Gunner and James Storm were an American tag team who competed in Total Nonstop Action Wrestling.

History

Total Nonstop Action Wrestling

TNA World Tag Team Champions and split (2013–2014) 

On the May 23 episode of Impact, James Storm announced that at Slammiversary, he and a partner of his choosing would face Bad Influence, Austin Aries and Bobby Roode, and the World Tag Team Champions Chavo Guerrero Jr. and Hernández in a four-way elimination match for the title. Later on in the episode, Storm chose the returning Gunner as his partner. On June 2 at the pay-per-view, Storm and Gunner won the match by last eliminating Aries and Roode to win the TNA World Tag Team Championships, giving Storm his fifth individual reign and Gunner his first individual reign. Storm and Gunner returned on the August 8 episode of Impact Wrestling, teaming up with ODB to defeat The Bro Mans (Jessie Godderz and Robbie E) and Mickie James in a six-person mixed tag team match. On the August 22 at [[Hardcore Justice (2013)|Impact Wrestling: Hardcore Justice]], Gunner and Storm suffered their first loss as a tag team, losing to Bobby Roode and Kazarian.

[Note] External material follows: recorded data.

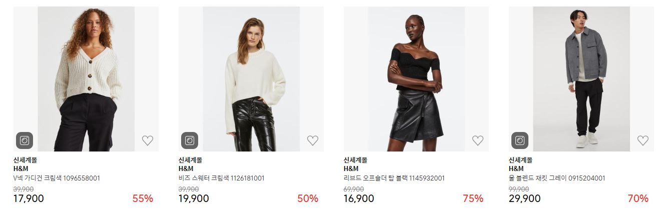 H&M 다양한 제품을 할인 판매하네요.
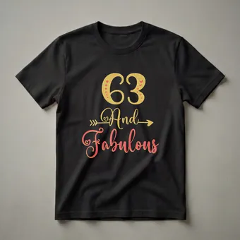 Women turning 63 can embrace their fabulousness with this eye-catching graphic t-shirt. The design features the number '63' in shimmering gold glitter, adorned with small red hearts. Below it, the word 'And' appears in elegant gold glitter, complete with a decorative arrow. The phrase is completed by 'Fabulous' in a vibrant coral glitter, also outlined in gold, and accented with a delicate heart. This tee is a wonderful way for any woman to mark her 63rd birthday, whether she's celebrating with family or friends. It makes a thoughtful gift for a wife, mother, or friend who is entering this milestone year with confidence and flair. Imagine her wearing this shirt to a birthday brunch, a casual get-together, or even just while enjoying a relaxed day at home. The combination of gold and coral glitter creates a festive and celebratory look, embodying the spirit of turning 63 and feeling absolutely fabulous. This shirt is a staple in any birthday collection for women who love to shine.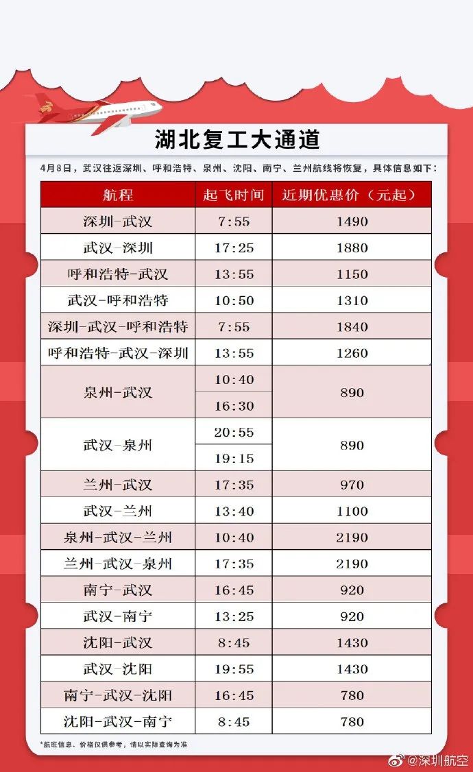 除东航之外,截至发稿时,已有多家航司提前公布武汉航线的复航计划。不完全统计如下: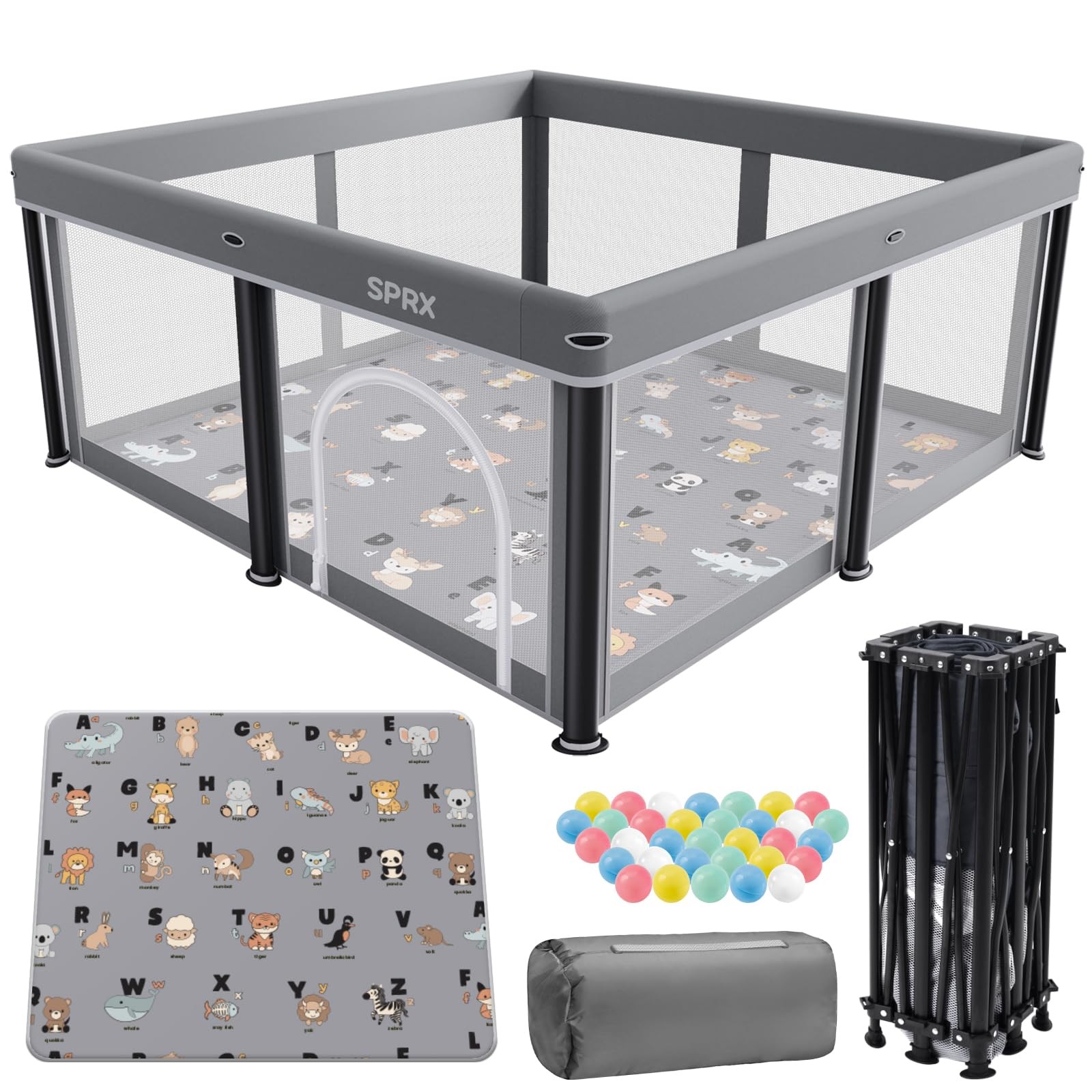 Lexixi Ibao Foldable Baby Playpen, 50"50" Extra Large Collapsible Playpen for Babies and Toddlers, Indoor Outdoor Activity Center with Fence, Grey

On the September 5 episode of Impact Wrestling, Gunner and Storm lost to Wes Brisco and Garett Bischoff in a non-title match, after Bischoff hit Gunner in the back of the head with a chain. At Bound for Glory, Gunner and Storm lost the tag team titles to the Bro Mans.

During a match in the TNA Heavyweight Tournament, Gunner threw in the towel for Storm before Bobby Roode could plant Storm through barbed wire. After the match, tensions would continue to rise between Gunner and Storm. On December 12, 2013, in the Feast or fired match Gunner was one of the four participants (along with Zema Ion, Chavo Guerrero and Ethan Carter III) to retrieve a briefcase.  On next week's episode, his case contained a match for the World Heavyweight Championship, further angering James Storm, whom Gunner had stolen the briefcase from. Gunner put the briefcase on the line against Storm on the December 26, 2013 episode of Impact Wrestling, but the match ended in a double countout, so Gunner retained the case. Gunner then retained the case again against Storm at Genesis, where the case was suspended from a pole.  Gunner and Storm made amends at the January 30th episode of Impact, they were then challenged by Bad Influence with the condition if either Kazarian or Daniels won that they would get Gunner's briefcase.  However Storm and Gunner would win the match. On the February 13, 2014, episode of Impact Wrestling Gunner and Storm defeated Ethan Carter III along with Magnus in a tag team ladder match to win the TNA World Tag Team Championship feat or fired briefcase. On the February 20th edition of Impact Wrestling'' Gunner cashed in his briefcase against Magnus for the TNA World Heavyweight Championship. James Storm came to ringside and turned heel when he kicked Gunner in the head costing him a match and the championship, disbanding the team.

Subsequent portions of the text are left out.